Les premières secondes, on a l’impression d’une inspiration « gothique », puis la musique prend un caractère planant. C’est du « protopunk » authentique, un son typiquement urbain, avec des bruits récupérés par Alan Vega lui-même au fil de ses inspirations. L’ensemble fait passer une impression d’inquiétude, de détresse énorme, de dépression.
Un morceau s’intitule « Psalm 68 ». Cela veut-il dire que Vega a repris les paroles de ce psaume, l’un des plus désespérés ? « Sauve-moi, ô Dieu, car les eaux / me sont entrées jusqu’à l’âme. / J’enfonce dans la bourbe du gouffre, / et rien qui tienne ; / je suis entré dans l’abîme des eaux / et le flot me submerge... » J’ignore en fait si Vega a utilisé le texte du psaume dans son morceau.

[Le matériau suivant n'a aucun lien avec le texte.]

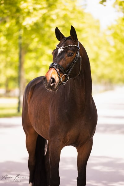 Our stunning Hanoverian gelding, born in 2017, is looking for a new, suitable home. He impresses not only with his elegant exterior and expressive basic gaits but also with his lovable personality. He is trained up to elementary dressage level (LM), consistently demonstrating motivation and eagerness to learn. Under saddle, he presents himself with steady rhythm, good rideability, and a lot of presence in the arena. Despite his friendly and honest nature, he requires an experienced rider who can provide him with confidence and further his development. In handling, he is very well-behaved, affectionate, and always eager to do his best. A horse that will grow beyond expectations with the right owner!
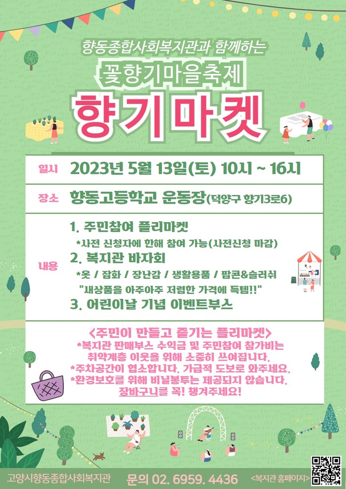 [부자동네타임즈 김인수기자] 5월 가정의 달을 맞이하여 고양시향동종합사회복지관(관장 양복선)이 고양시 향동고등학교에서 5월 13일(토)에 ‘꽃향기마을 축제’를 연다.

Il me semble qu’Alan Vega, icône underground du punk digital, est avant tout un artiste nihiliste, s’affirmant comme tel. Il prolonge une sorte de dissémination, pour reprendre le terme de Jacques Derrida. Cela signifie, selon moi, que son parcours ‒ comme, mettons, celui de Lautréamont ‒ s’éloigne peu à peu du logos originel, pour se perdre, mais de manière sublime, dans une forme d’expression errante, désolée, qui aurait aboli tout repère. C’est aussi cela, peut-être, que nous dit cette reprise du psaume 68.

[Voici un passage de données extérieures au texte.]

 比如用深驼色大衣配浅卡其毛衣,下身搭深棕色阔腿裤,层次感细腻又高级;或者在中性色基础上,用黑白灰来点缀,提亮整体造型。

Il faut donc écouter Mutator en étant convaincu que cette musique est une illustration parfaite des temps actuels, une tentative d’enserrer en quelques sons protopunks l’essence de notre actualité factice. C’est une musique mystérieuse, qui arrive comme à la fin de l’histoire, et qui renoue en même temps, en quelque sorte, avec les rythmes primitifs, ceux des Pygmées par exemple, que j’aime tant. Vega aura bouclé la boucle, et c’est pourquoi il est tellement nécessaire.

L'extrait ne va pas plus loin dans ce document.